Tim Indonesia mendapatkan empat medali – viral terbaru Indonesia
4 mins read

Tim Indonesia mendapatkan empat medali – viral terbaru Indonesia


Viralterkini.id, Jakarta – Kontingen memanah Indonesia berhasil memenangkan empat medali di Kejuaraan Panahan Asia 2025 yang berlangsung di Beijing, Cina, pada 1-6 Juli 2025.

Rangkaian pencapaian ini adalah bukti perkembangan positif atlet cacat Indonesia di tingkat Asia.

Satu medali perak disajikan oleh Ken Swagumila di divisi senyawa nomor tunggal putra.

Ken berhasil menembus babak final setelah mengalahkan sejumlah pemanah top Asia.

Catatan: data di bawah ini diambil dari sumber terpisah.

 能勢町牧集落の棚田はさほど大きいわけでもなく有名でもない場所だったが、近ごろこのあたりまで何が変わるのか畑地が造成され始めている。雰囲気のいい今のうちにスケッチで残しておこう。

Namun, di pesta teratas yang diadakan hari Minggu (6/7/2025), Ken harus mengakui keunggulan pemanah tuan rumah, Ai Xinliang, yang berada di peringkat kedua di divisi gabungan, dengan skor 149-143.

Meskipun gagal memenangkan emas, Ken masih menunjukkan kinerja yang mengesankan.

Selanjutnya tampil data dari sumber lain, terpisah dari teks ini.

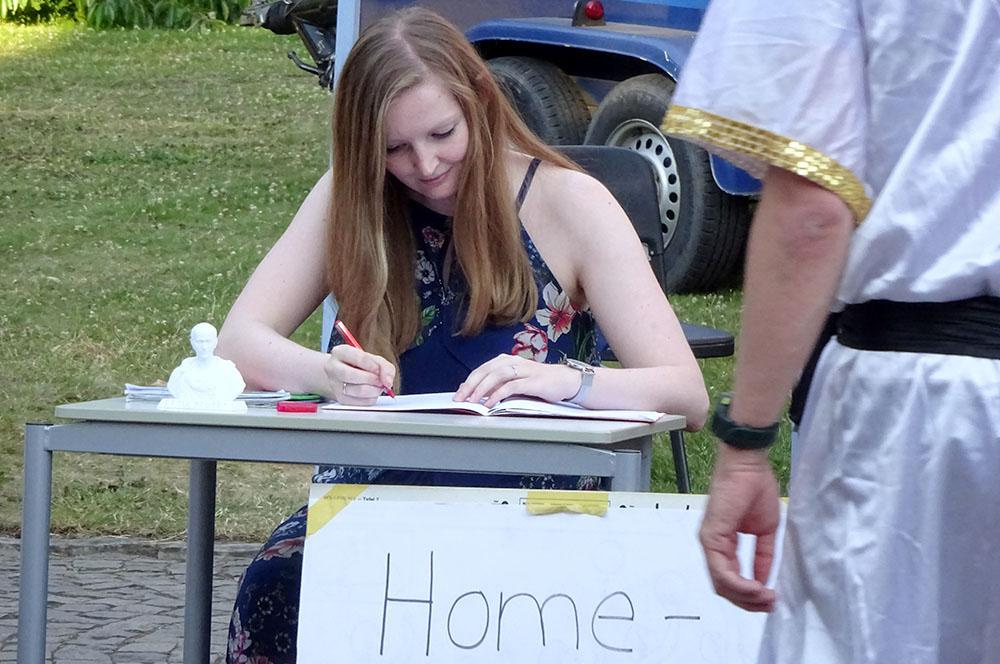 Die Anerkennung, die Ulrich Beuckmann bei den Schülerinnen und Schülern genoss, war auch am Freitag in der ersten Stunde in der Aula erkennbar. Die Kurse, die Ulrich Beuckmann zuletzt noch unterrichtet hat, überreichten ihm hier persönliche Geschenke und Dankeskarten – z. T. in lateinischer Sprache. Der Q1-Kurs, der in diesem Schuljahr von den Kolleginnen Jessica Kochsiek und Lisa Brumberg unterrichtet wurde, hatte noch für alle Anwesenden ein Quiz mit Fragen zum Fach Latein und zum Leben von Ulrich Beuckmann vorbereitet. Der an Ulrich Beuckmann verliehene Preis: eine Einladung zu einem Pizzaessen in einem römischen Restaurant. Der Kurs will in den Herbstferien nach Rom fahren …

Selain medali perak dalam bilangan individu, ia juga mempresentasikan dua medali perunggu dari senyawa nomor ganda putra yang dipasangkan dengan ARIF firmansyah, serta dalam senyawa bilangan ganda campuran dengan Teodora Audi Ayudia Frelly.

Sementara itu, medali perunggu lain dimenangkan oleh pasangan Kholidin dan Noviera Ross dalam jumlah ganda campuran dari divisi yang berulang.

Akuisisi ini membuat Indonesia mengakhiri kejuaraan dengan total satu perak dan tiga perunggu, peringkat kelima di klasemen akhir.

Pelatih memanah Indonesia, Rameez Ali Surya Negara, menghargai perjuangan semua atlet yang bersaing di Beijing.

Menurutnya, Cina dan India masih merupakan lawan tersulit di Asia. Rameez menilai bahwa tuan rumah mendapat manfaat dari kondisi arena yang telah akrab bagi mereka.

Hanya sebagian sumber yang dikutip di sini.